I don’t want to insert a new document when the document does not exist already. I want to set “upsert” option to False \ 0.
Hi Sriram,
Based on your description, what you’re after is the default collection update behaviour. The work described on SPARK-66 is , if a dataframe contains an _id field, the data will be upserted and any existing documents in the collection will be replaced.
I presume the right way is to do equivalent of find() and Update().
One work-around to only update if document exists in your dataframe, is to filter out any _id that doesn’t exist in your existing collection.

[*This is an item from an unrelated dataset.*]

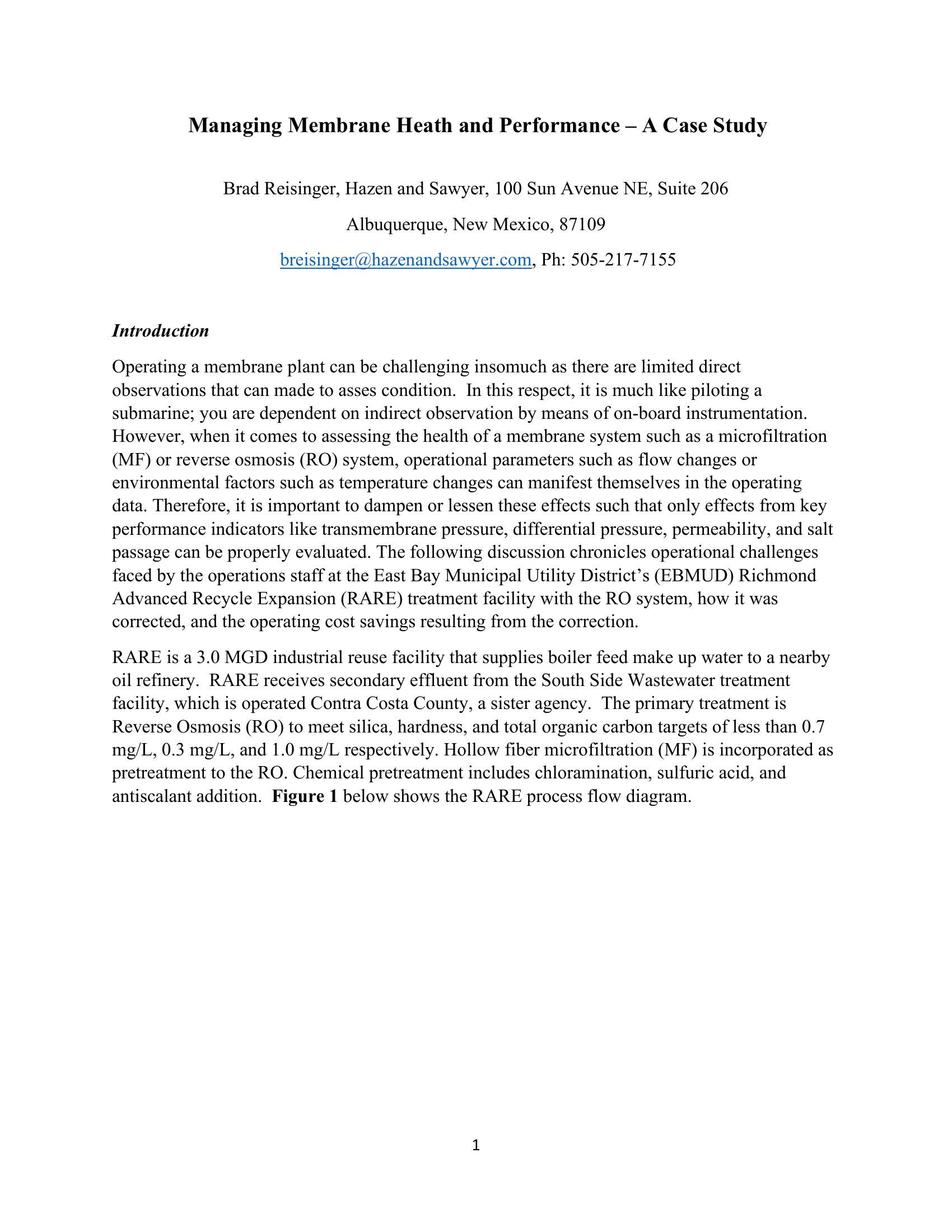 Operating a membrane plant can be challenging insomuch as there are limited direct observations that can made to asses condition. In this respect, it is much like piloting a submarine; you are dependent on indirect observation by means of on-board instrumentation. However, when it comes to assessing the health of a membrane system such as a microfiltration (MF) or reverse osmosis (RO) system, operational parameters such as flow changes or environmental factors such as temperature changes can manifest themselves in the operating data. Therefore, it is important to dampen or lessen these effects such that only effects from key performance indicators like transmembrane pressure, differential pressure, permeability, and salt passage can be properly evaluated. The following discussion chronicles operational challenges faced by the operations staff at the East Bay Municipal Utility Districtís (EBMUD) Richmond Advanced Recycle Expansion (RARE) treatment facility with the RO system, how it was corrected, and the operating cost savings resulting from the correction.

Depending on your use case, you could perform below example:
rdds = lines.<bunch_of_transformation_functions>
sqlContext = SQLContext(sc)
df_from_files = sqlContext.createDataFrame(rdds, ["key1","key2"])
df_from_collection = sqlContext.read.format("com.mongodb.spark.sql.DefaultSource")\
.option("spark.mongodb.input.uri", "mongodb://host:port/db.coll")\
.load()
df_to_save = df_from_files.join(df_from_collection.select("_id", "key1"), "key1")
df_to_save.write.format("com.mongodb.spark.sql")\
.option("spark.mongodb.output.uri", "mongodb://host:port/db.coll")\
.save()
Where:
df_from_collection is a dataframe from MongoDB collection you would like to updatedf_from_files is your source dataframe. df_to_save is a dataframe from the joined result. Any documents from df_from_files where they don’t exist in df_from_collection have been filtered out. Regards,
Wan.